=== Task directions ===
Without the pictures, copy the entries below word for word.

:::::

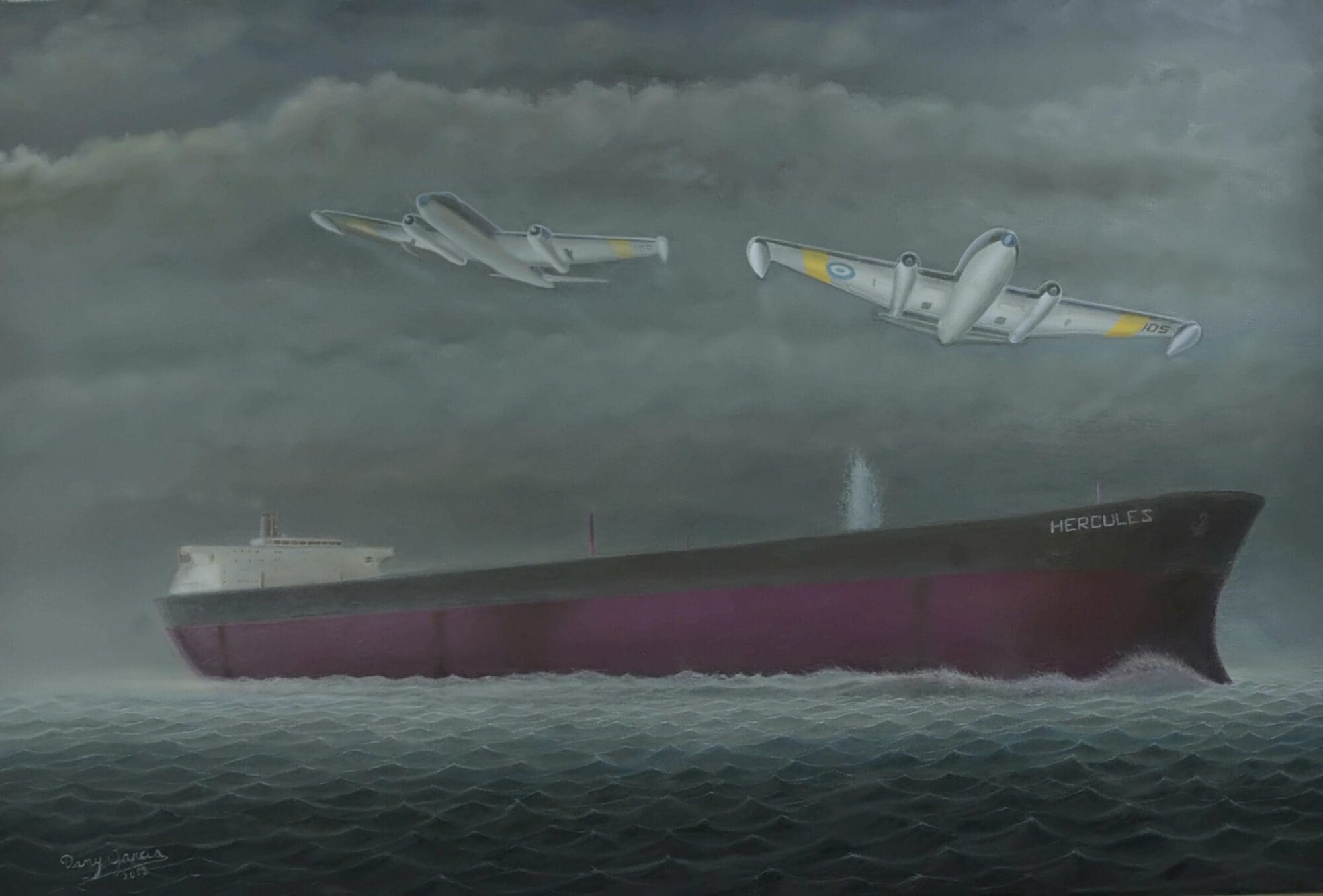 El día 8 de junio, el escuadrón Canberra tendría su revancha contra un objetivo aeronaval. El 8 de junio de 1982, Cerca de las 12.15, el súper tanque “Hércules”, un gigantesco barco cisterna norteamericano de 220.000 toneladas de desplazamiento, 375 metros de eslora, una manga de 70 metros y 18 metros de calado navegaba hacia el Cabo de Hornos proveniente de la costa este de los EE.UU. Según publicaciones de la época en distintos medios, “la gigantesca embarcación había hecho escala en las islas Vírgenes, en pleno mar Caribe, donde se detuvo a descargar sus tanques de petróleo en las refinerías Amerada Hess.
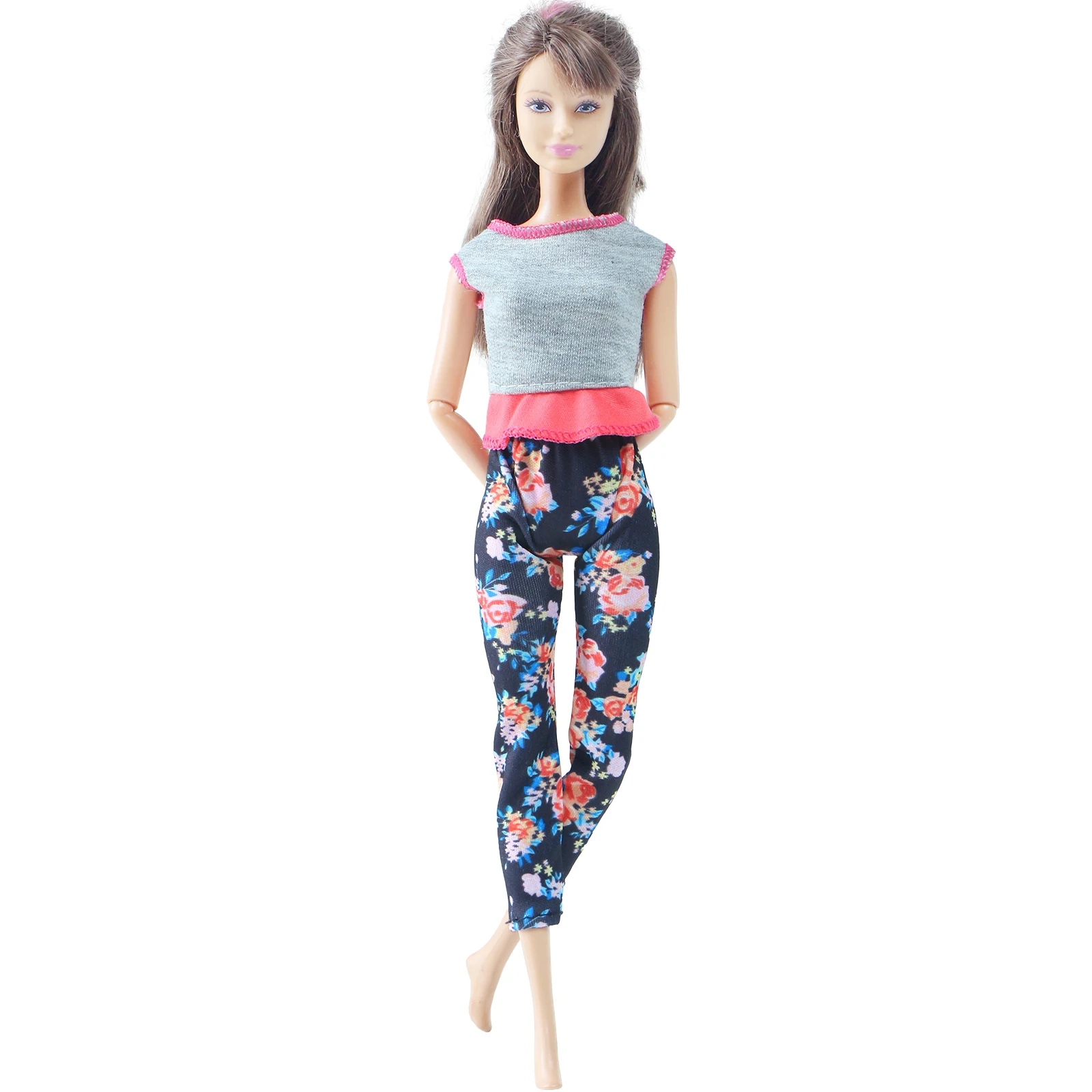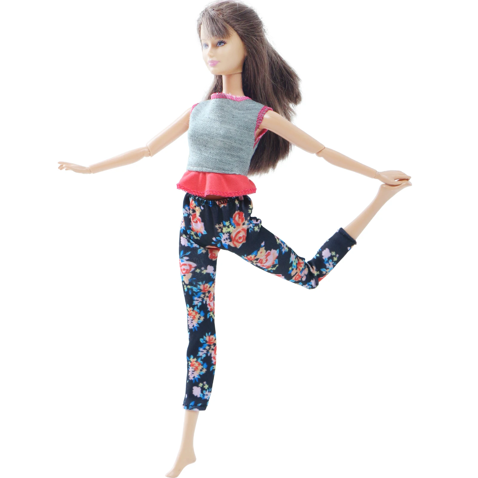 1 шт., Экипировка BJDBUS для кукол, йоги, жилет, цветочный узор, брюки, штаны, спортивная одежда для куклы Барби, детская повседневная одежда, аксессуары, игрушки
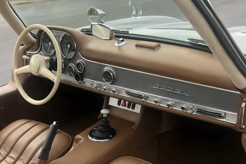 Салон выполнен в стилистике оригинального SL 50-х годов. Он оснащен сиденьями от модели 190 SL с кожаной отделкой, откидывающимся вниз рулевым колесом, приборной панелью VDO и кондиционером.
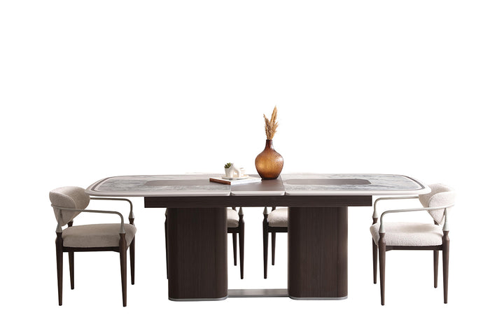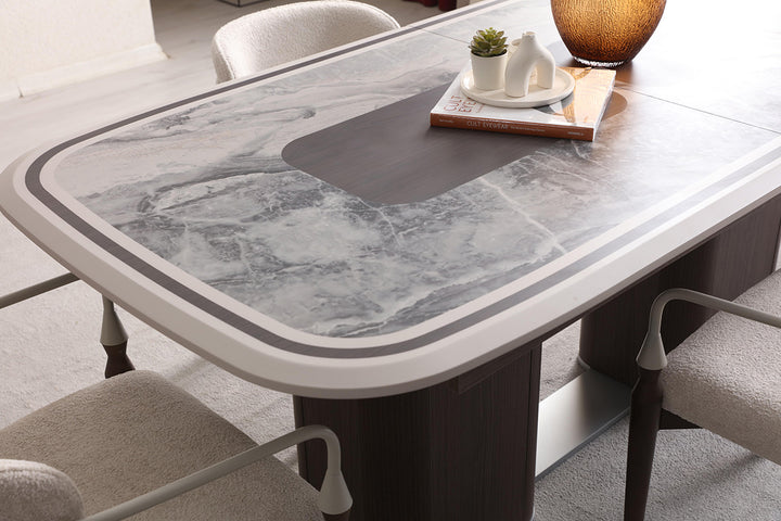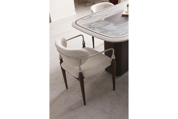 Mobilierul este realizat din MDF vopsit de înaltă calitate, oferind atât durabilitate, cât și un aspect rafinat. Scaunele din această colecție sunt personalizabile, putând fi comandate pe orice țesătură disponibilă în paletarul de cusături. Astfel, poți alege finisajul perfect pentru a se potrivi stilului tău și designului încăperii.
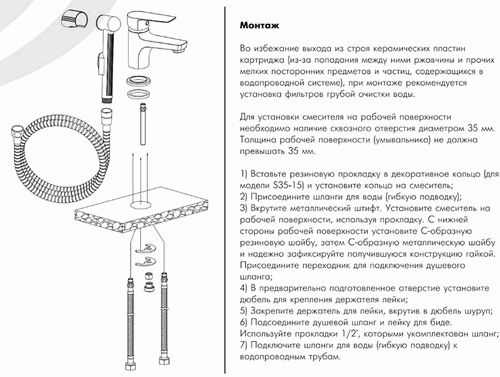 смеситель умывальник ROSSINKA картридж д.35мм, с гигиеническим душем S35-15

:::::

=== Solution to this task ===
 El día 8 de junio, el escuadrón Canberra tendría su revancha contra un objetivo aeronaval. El 8 de junio de 1982, Cerca de las 12.15, el súper tanque “Hércules”, un gigantesco barco cisterna norteamericano de 220.000 toneladas de desplazamiento, 375 metros de eslora, una manga de 70 metros y 18 metros de calado navegaba hacia el Cabo de Hornos proveniente de la costa este de los EE.UU. Según publicaciones de la época en distintos medios, “la gigantesca embarcación había hecho escala en las islas Vírgenes, en pleno mar Caribe, donde se detuvo a descargar sus tanques de petróleo en las refinerías Amerada Hess.
 1 шт., Экипировка BJDBUS для кукол, йоги, жилет, цветочный узор, брюки, штаны, спортивная одежда для куклы Барби, детская повседневная одежда, аксессуары, игрушки
 Салон выполнен в стилистике оригинального SL 50-х годов. Он оснащен сиденьями от модели 190 SL с кожаной отделкой, откидывающимся вниз рулевым колесом, приборной панелью VDO и кондиционером.
 Mobilierul este realizat din MDF vopsit de înaltă calitate, oferind atât durabilitate, cât și un aspect rafinat. Scaunele din această colecție sunt personalizabile, putând fi comandate pe orice țesătură disponibilă în paletarul de cusături. Astfel, poți alege finisajul perfect pentru a se potrivi stilului tău și designului încăperii.
 смеситель умывальник ROSSINKA картридж д.35мм, с гигиеническим душем S35-15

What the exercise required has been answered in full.